Sister Gabi had visited Zamora, 23, in the hospital two months before, after she gave birth.

She and Sister Teresita Navarro -- who came to the Coachella Valley Sept. 1 to help Sister Gabi -- brought with them two donated handmade blankets.

Zamora later chatted with Sister Gabi outside her trailer and said the family was short on food. Like many other farmworkers in the mobile-home parks, husband Bartolo Gutiérrez, 25, was not able to find enough work to make ends meet this month, when relatively few crops are harvested.

Sister Gabi receives hundreds of phone calls a week on her home and office phones. Much of her work is helping residents navigate bureaucracies, so they know which agencies to turn to for medical, transportation or other assistance. Sometimes people just want someone who will listen to them.
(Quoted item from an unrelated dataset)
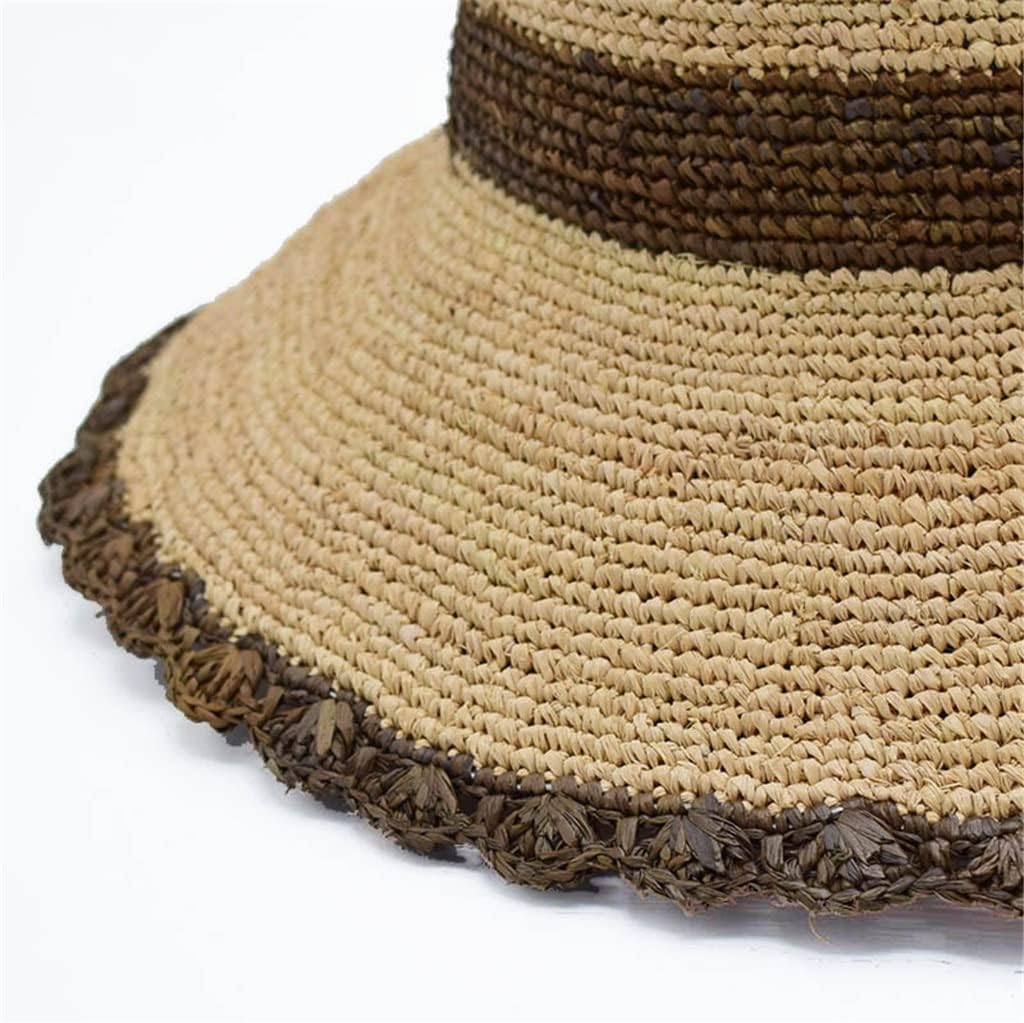 ERTXGBA Hand Hooked Colourful Raffia Hat Children’s Round Top Basin Cap Foldable Seaside Sun Hat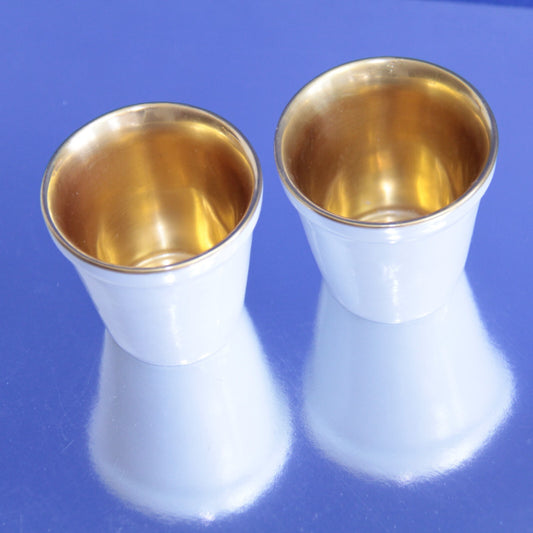 2x Antique Singer Limoges France Porcelain Mini Petit Pot - White w Gold Well ✨

The interactions are a two-way street. Sister Gabi said she has learned as much from the thousands of people she has assisted as they have from her.

She sees how residents are quick to help each other out in tough times and to share what little they have. She's learned to talk more slowly and be more patient.

She also sees the intense faith that guides people through their lives. As a nun, one of Sister Gabi's responsibilities is to provide spiritual guidance. But the people of the eastern Coachella Valley have also helped Sister Gabi grow in her own faith.

"I feel so enriched by their humbleness, their holiness," she said. "They are very holy people. It's not just about going to church. They are living out the Christian life. I'm learning from them on a deeper level."